The first time I got this message I read something which said I should regenerate the hot standby from the master. So I rsync'd everything back over and restarted. The hot standby connects to the master over a TINC VPN connection, tt connected successfully and was streaming changes.

It all seemed to be working fine until around 8am. This is when our system starts to get a bit busier. Then all I see in the logs is the above message and the last WAL file on the hotstandby is 000000010000046F0000006A. If I restart the hot standby, it will start catching up with the master, but it also spikes my CPU and brings everything grinding to a halt, and it never seems to catch up anyway.

I have just migrated the DB and hot standby to two new servers, and I am using the simple configuration from the previous servers on these new machines. On the previous servers, the databases were not dockerized, on this they are. I have other dockerized PostgreSQL installations which are running the replication fine, but these servers do not have as high a load as this one. I even replicated from the new master to the old, non-dockerized PostgreSQL server which used to be the main server. The same thing happened here. I had been using the replication between the old master and hot standby just fine over TINC VPN before the migration. So I don't think Docker or TINC are at fault.

Here is the PostgreSQL configuration for both master and hot standby:

listen_addresses          =  '*'
port                      =  5432

max_connections           =  600
shared_buffers            =  8GB
effective_cache_size      =  16GB
work_mem                  =  10MB
maintenance_work_mem      =  1638GB
max_locks_per_transaction =  256

hot_standby       =  on
archive_mode      =  on

wal_level         =  'hot_standby'
max_wal_senders   =  10
wal_keep_segments =  1000     # 80 GB required on pg_xlog

archive_command   =  'true'

And the additional recovery.conf on the hot standby:

standby_mode = 'on'
primary_conninfo = 'host=MY_IP port=MY_PORT user=MY_USER password=MY_PASSWORD'

Any help would be greatly appreciated! I need my hot standby!

Best Answer

Ok, I finally figured it out (for the most part)!

The important detail I left out in the question was that I was running PostgreSQL on btrfs and was streaming to a different server with ext4. There seemed to be some race condition during high load periods that caused the data being streamed to be corrupted or read incorrectly. I don't know exactly what. Sometimes it failed after 30 seconds, sometimes 30 minutes.
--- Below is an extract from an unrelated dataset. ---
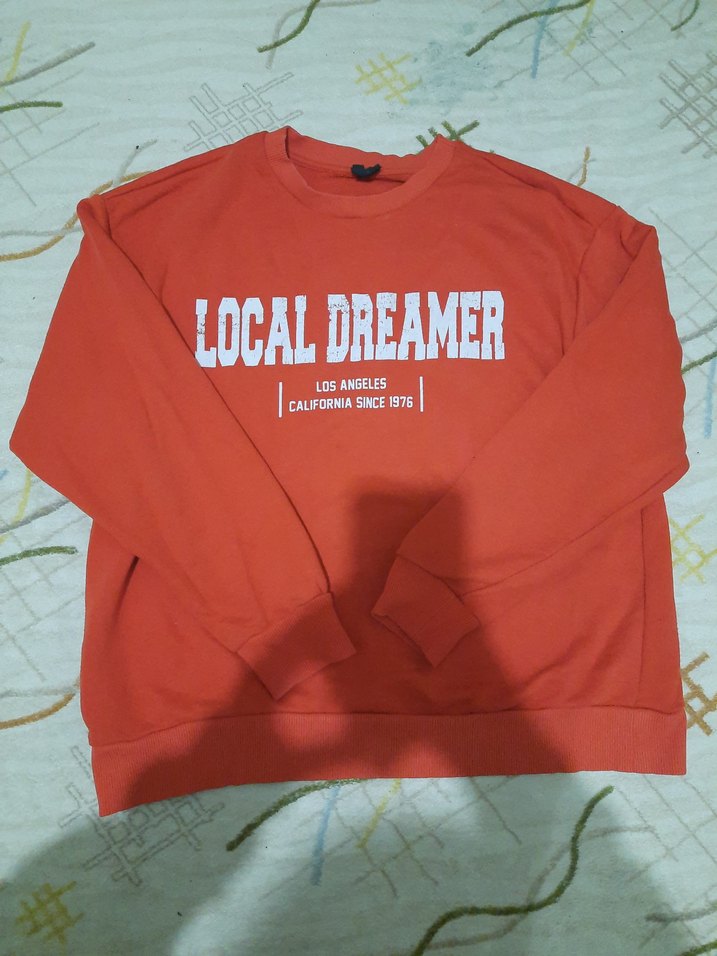 Pamuk kumaştan yapılmış, uzun kollu ve yuvarlak yakalı kırmızı sweatshirt. Üzerinde "LOCAL DREAMER, LOS ANGELES" baskısı bulunur. Renkli ve rahat sokak stili için uygundur.

So last night I shut down the system, backed everything up on a separate HDD, reformated my btrfs partition to ext4, moved everything back and brought the system back up. Once I restarted the live replication it caught up and now 24 hours later it is still perfectly in sync, no errors!

So whatever was going on it was related to the btrfs partition. I've spent this entire week trying to figure this out so I hope this saves someone else some time. :-)